Pregnancy tests look for hCG in urine using monoclonal antibodies. These are identical antibody molecules made from one clone of cells, and they bind to one specific antigen. On the test strip, mobile dye-labelled antibodies attach to hCG if it’s present. Farther along the strip, immobilized antibodies capture the hCG-antibody complex, producing a coloured test band.

The test also needs a separate control band. This band appears whether or not hCG is present, showing that the urine has moved along the strip and that the antibodies are working. Two bands mean hCG has been detected; one control band means there is no detectable hCG.

Exchange without mixing blood

The placenta is an organ made from foetal and maternal tissues. During pregnancy, it lets materials pass between the foetus and the mother. Because of the placenta, a human foetus can stay in the uterus until a more advanced stage than mammals that do not develop a placenta.

The only structural detail you need is the large surface area provided by placental villi. These are finger-like projections of foetal tissue surrounded by maternal blood. Foetal blood flows through capillaries inside the villi. The two blood supplies come very close, but they do not normally mix.

The placental barrier is a selectively permeable layer of cells separating maternal blood from foetal blood. It allows exchange, while blocking direct mixing of the blood. Oxygen, glucose, amino acids, water and some antibodies move from mother to foetus. Carbon dioxide, urea and other wastes move from foetus to mother.

Small molecules such as oxygen and carbon dioxide cross by diffusion. Glucose moves by facilitated diffusion, water by osmosis, and some larger molecules such as antibodies by endocytosis.

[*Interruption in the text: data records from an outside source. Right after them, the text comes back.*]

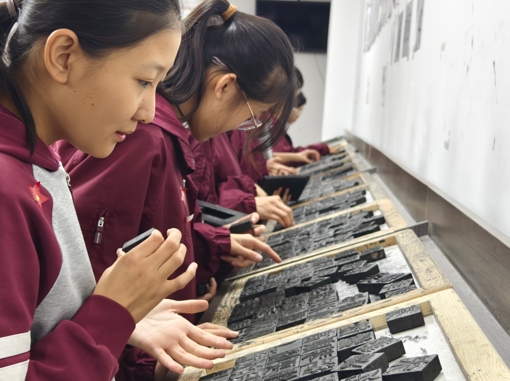 青少年學(xué)生體驗(yàn)西夏文木活字印刷。
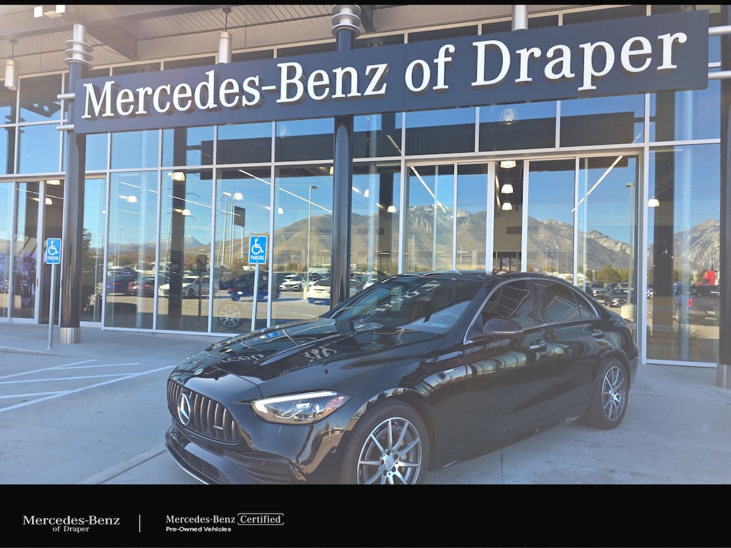 Mercedes-Benz of Draper proudly offers this 2023 Mercedes-Benz C 43 AMG® AWD . It is well equipped and includes these features and benefits: Premium Trim Package, Mercedes-Benz Certified Pre-Owned Certified, 4MATIC®, 11.9 Center Touchscreen Display, 4-Wheel Disc Brakes, 5 Speakers, ABS brakes, Adaptive suspension, Air Conditioning, Alloy wheels, AM/FM radio: SiriusXM, Apple CarPlay®/Android Auto®, Auto High-beam Headlights, Auto tilt-away steering wheel, Auto-dimming door mirrors, Auto-dimming Rear-View mirror, Automatic temperature control, Brake assist, Bumpers: body-color, Compass, Delay-off headlights, Driver door bin, Driver vanity mirror, Dual front impact airbags, Dual front side impact airbags, Electronic Stability Control, Emergency communication system: Mercedes-Benz Emergency Call Service, Exterior Parking Camera Rear, Four wheel independent suspension, Front anti-roll bar, Front Bucket Seats, Front Center Armrest, Front dual zone A/C, Front reading lights, Fully automatic headlights, Genuine wood dashboard insert, Head restraints memory, Heated door mirrors, Heated front seats, Illuminated entry, Knee airbag, Low tire pressure warning, MB-Tex/Microfiber Upholstery, Memory seat, Occupant sensing airbag, Outside temperature display, Overhead airbag, Overhead console, Panic alarm, Passenger door bin, Passenger vanity mirror, Power adjustable front head restraints, Power door mirrors, Power driver seat, Power Heated Front Seats w/Memory, Power moonroof, Power passenger seat, Power steering, Power windows, Premium audio system: MBUX, Radio data system, Radio: FrontBass 5-Speaker Audio System, Rain sensing wipers, Rear anti-roll bar, Rear fog lights, Rear reading lights, Rear seat center armrest, Rear window defroster, Remote keyless entry, Security system, Speed control, Speed-sensing steering, Split folding rear seat, Spoiler, Sport steering wheel, Steering wheel memory, Steering wheel mounted audio controls, Tachometer, Telescoping steering wheel, Tilt steering wheel, Traction control, Trip computer, Turn signal indicator mirrors, Variably intermittent wipers, Weather band radio, and Wheels: 18 x 8.0J AMG® 10-Spoke.
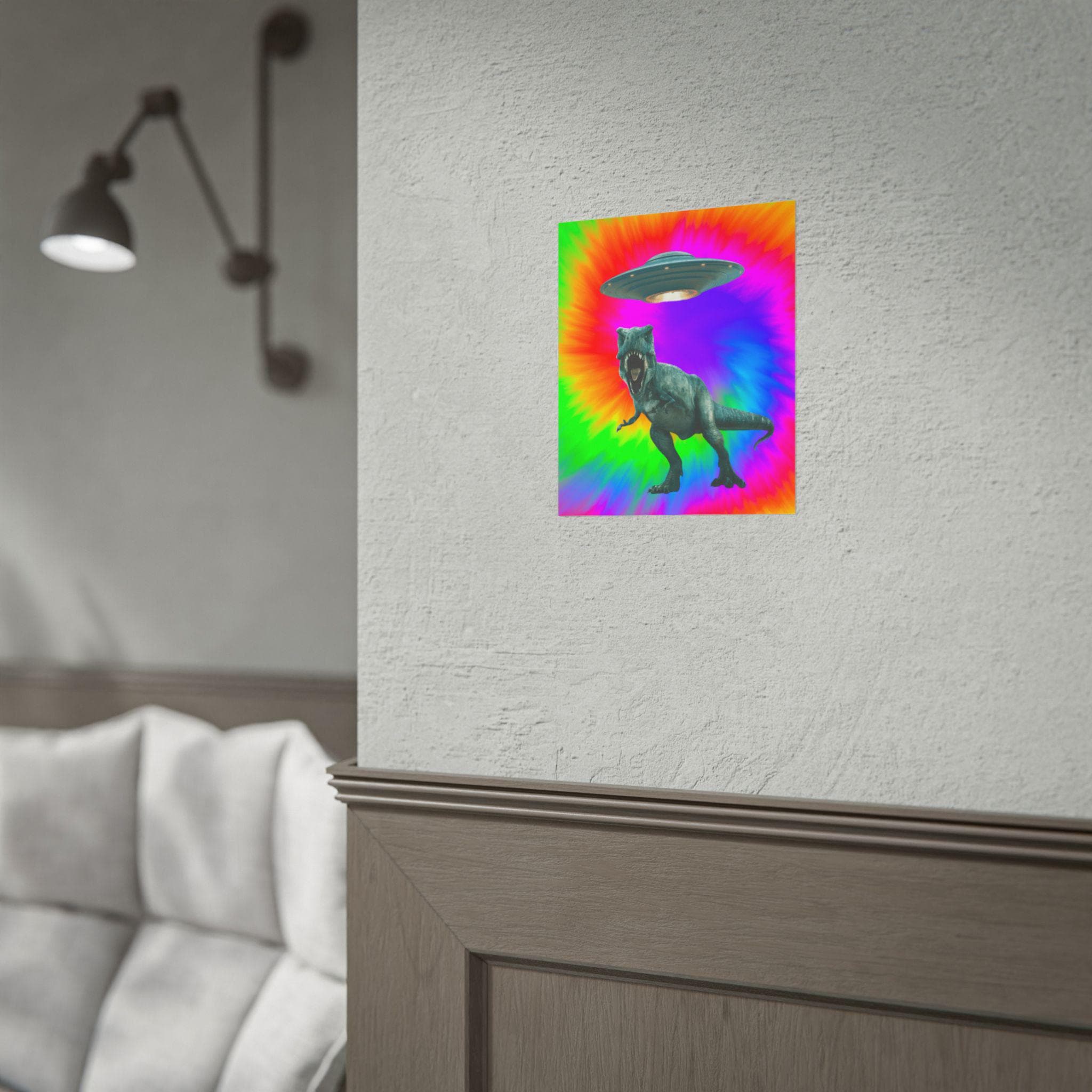 Transform your space with these vibrant rolled posters, perfect for adding a splash of color and a touch of fun to any room. Featuring a whimsical design of a roaring dinosaur beneath a flying saucer on a vibrant tie-dye background, these posters evoke a playful and adventurous vibe. Ideal for anyone who loves quirky art, this product fits seamlessly into a bedroom, dorm, or creative workspace, making it an excellent choice for decorating kids' rooms or personalizing your home office.
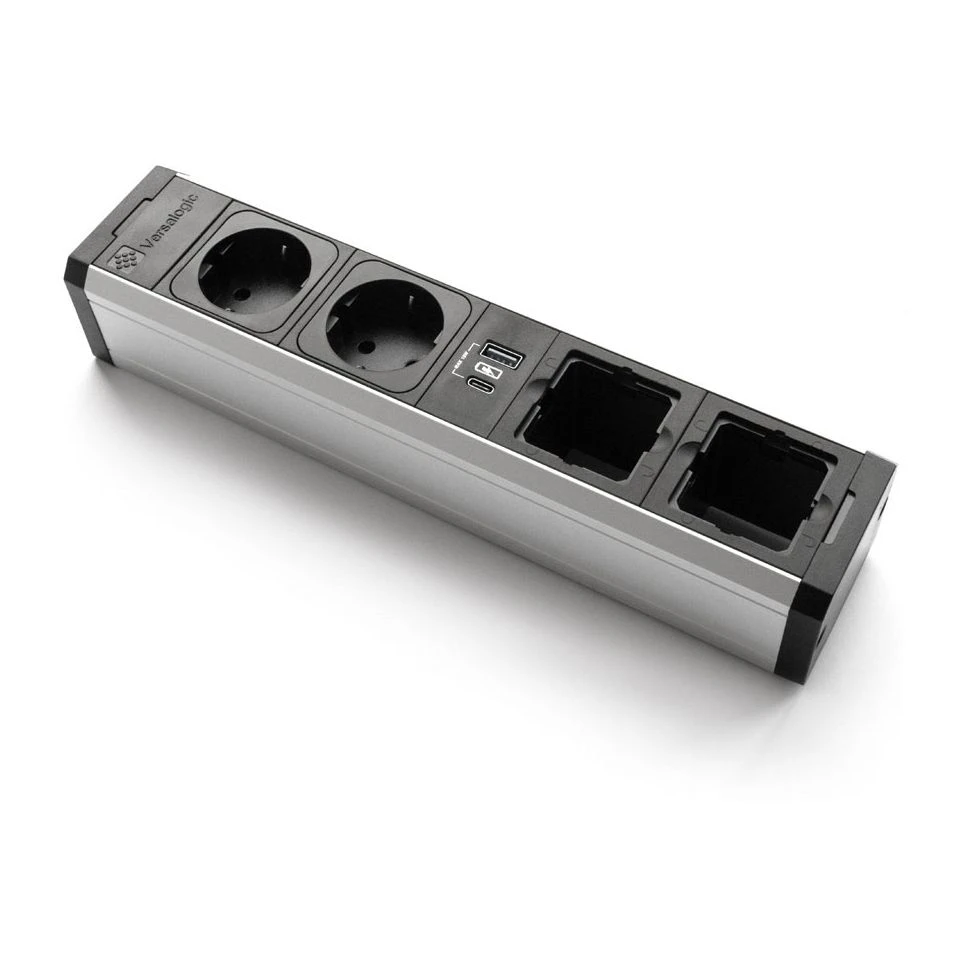 Розеточный блок с рамками 31,6х5,3х6,5 Versapro Алюминий/Черный
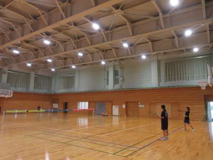(写真下:女子ソフトテニス部 体育館でペアを組んで練習しています)
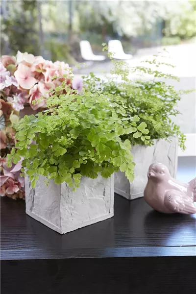 (Adiantum capillus-veneris), welcher auch als Venusfarn bezeichnet wird. Lassen Sie den Wurzelballen nie ganz austrocknen, aber auf Staunässe reagiert der Frauen-haarfarn empfindlich.
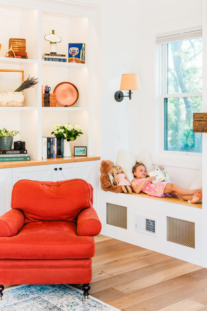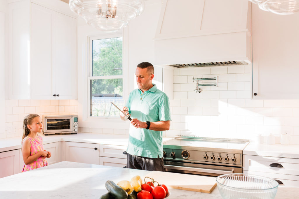 It’s an easy-living home, one where the sliding window wall in the living room often remains open all day while Alba and Abhainn build massive pillow forts or have ice cream at the bar table at the passthrough. Greg can pull the kids into a late afternoon pizza project, helping them roll out dough on the kitchen island, then baking the pizzas on the grill out back. “We went in on a third of a cow with some friends, so we’ve also been eating a lot of steak.
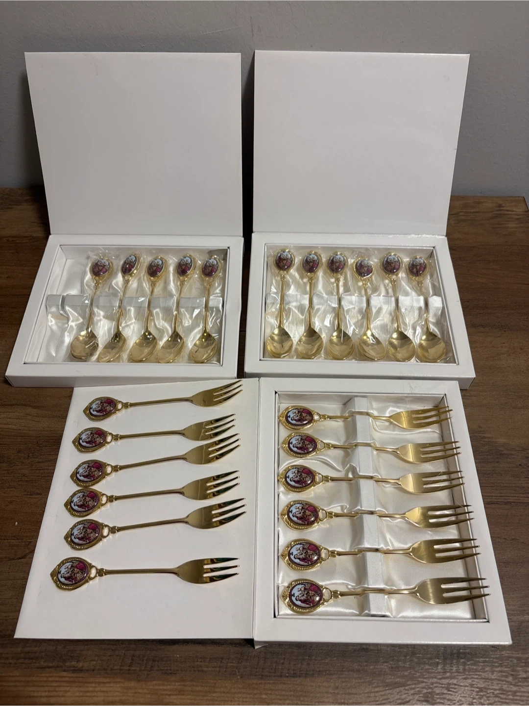 Selling a beautiful vintage set of gold-plated spoons and forks. They come brand new in their original boxes, nestled in satin lining. Perfect for adding a touch of elegance to your table or as a special gift! Just one spoon missing.๐ Two sets of 6 forks Each set for $25 Two set of 5 and 6 spoons Each sets for $25 You can make a fair deal for all

The placenta works as a useful biological barrier: close enough for rapid exchange, but separate enough to keep maternal and foetal circulations distinct.

Maintaining pregnancy

Progesterone maintains pregnancy. In the early stages, the corpus luteum secretes progesterone under the influence of hCG. Later on, the placenta takes over progesterone secretion. Progesterone keeps the endometrium in place and inhibits contractions of the myometrium, the muscular wall of the uterus.

The timing is crucial: if progesterone support fails too early, the uterus lining and uterine muscle activity may no longer support pregnancy.

Triggering childbirth

Near the end of pregnancy, progesterone levels fall. With less inhibition of uterine contractions, secretion of oxytocin can occur; this pituitary hormone stimulates contraction of uterine smooth muscle.

Oxytocin causes contractions of the myometrium. As the baby’s head stretches the cervix, stretch receptors send signals that lead to more oxytocin release. More oxytocin makes contractions stronger, causing more stretch and then still more oxytocin. This is positive feedback.

The positive feedback loop stops once birth occurs and the stretch stimulus is removed. During childbirth, the cervix dilates, the amniotic sac ruptures, the baby is pushed through the cervix and vagina, and the placenta is expelled afterwards.